▶ [MATERIAL PROVIDED]:
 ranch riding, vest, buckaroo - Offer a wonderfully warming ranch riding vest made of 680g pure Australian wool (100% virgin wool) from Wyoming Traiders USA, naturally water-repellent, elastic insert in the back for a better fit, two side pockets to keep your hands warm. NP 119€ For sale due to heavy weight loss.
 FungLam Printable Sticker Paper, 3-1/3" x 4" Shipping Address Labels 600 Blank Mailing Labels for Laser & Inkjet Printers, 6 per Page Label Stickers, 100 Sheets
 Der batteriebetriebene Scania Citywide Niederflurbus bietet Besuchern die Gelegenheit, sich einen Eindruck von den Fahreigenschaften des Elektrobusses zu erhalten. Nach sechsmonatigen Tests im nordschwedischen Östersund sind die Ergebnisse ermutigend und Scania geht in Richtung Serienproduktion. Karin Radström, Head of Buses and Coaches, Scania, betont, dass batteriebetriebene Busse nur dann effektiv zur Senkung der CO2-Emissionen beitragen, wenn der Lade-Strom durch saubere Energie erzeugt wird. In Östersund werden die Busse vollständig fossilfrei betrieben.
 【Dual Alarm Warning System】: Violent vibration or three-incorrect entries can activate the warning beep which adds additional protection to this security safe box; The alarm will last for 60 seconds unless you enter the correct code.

...

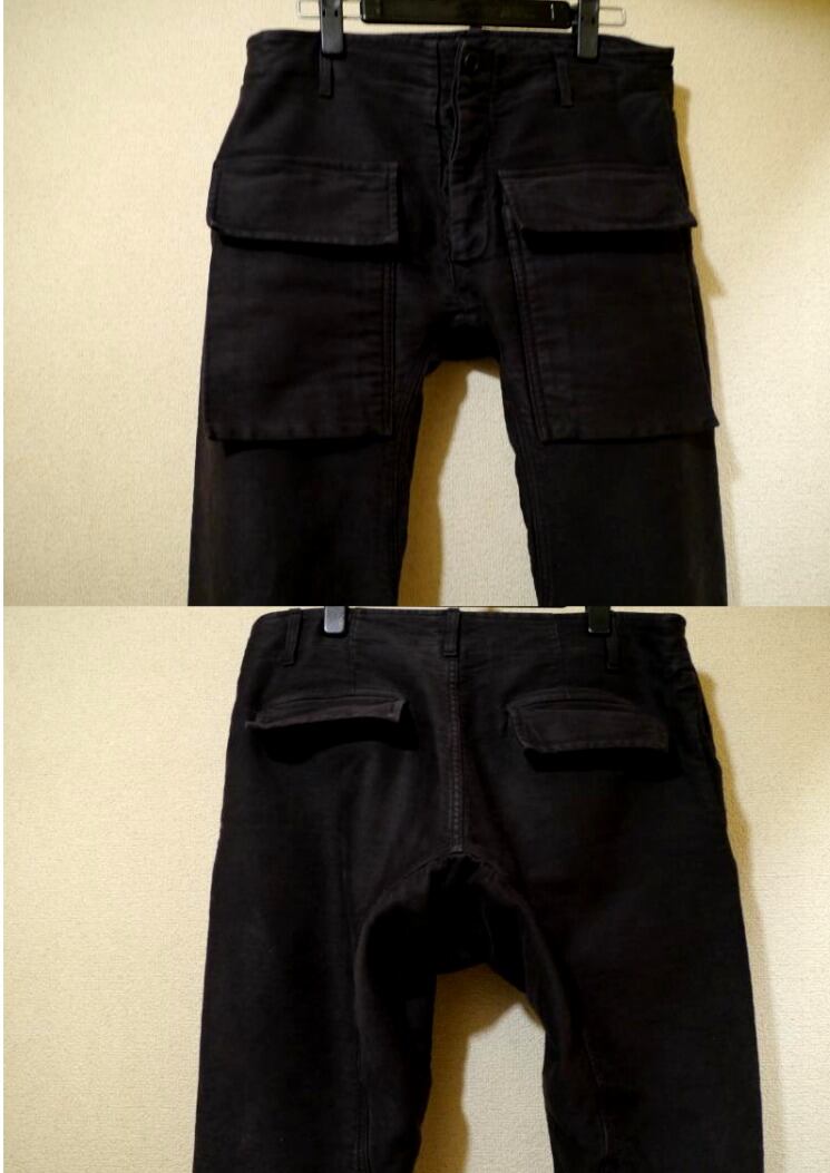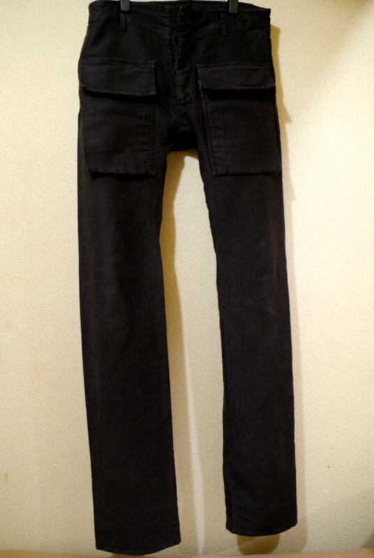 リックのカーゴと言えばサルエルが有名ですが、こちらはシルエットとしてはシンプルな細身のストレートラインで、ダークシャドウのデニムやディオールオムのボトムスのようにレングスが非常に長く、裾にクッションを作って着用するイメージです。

...

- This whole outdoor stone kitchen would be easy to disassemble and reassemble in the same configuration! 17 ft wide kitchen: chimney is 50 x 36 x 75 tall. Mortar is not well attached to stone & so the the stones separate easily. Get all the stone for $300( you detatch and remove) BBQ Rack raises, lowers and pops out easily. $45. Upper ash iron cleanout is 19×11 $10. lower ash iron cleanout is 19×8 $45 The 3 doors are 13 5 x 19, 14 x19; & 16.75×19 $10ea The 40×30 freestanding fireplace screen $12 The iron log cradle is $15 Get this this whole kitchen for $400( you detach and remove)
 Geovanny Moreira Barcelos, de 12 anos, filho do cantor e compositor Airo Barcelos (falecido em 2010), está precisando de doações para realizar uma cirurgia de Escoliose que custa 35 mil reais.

▶ [INSTRUCTIONS FOR THE TASK]:
Copy the lines above exactly. Start with the line containing "ranch riding, vest, buckaroo", end with the line containing "FungLam Printable Sticker", and include both.

▶ [YOUR SOLUTION]:
 ranch riding, vest, buckaroo - Offer a wonderfully warming ranch riding vest made of 680g pure Australian wool (100% virgin wool) from Wyoming Traiders USA, naturally water-repellent, elastic insert in the back for a better fit, two side pockets to keep your hands warm. NP 119€ For sale due to heavy weight loss.
 FungLam Printable Sticker Paper, 3-1/3" x 4" Shipping Address Labels 600 Blank Mailing Labels for Laser & Inkjet Printers, 6 per Page Label Stickers, 100 Sheets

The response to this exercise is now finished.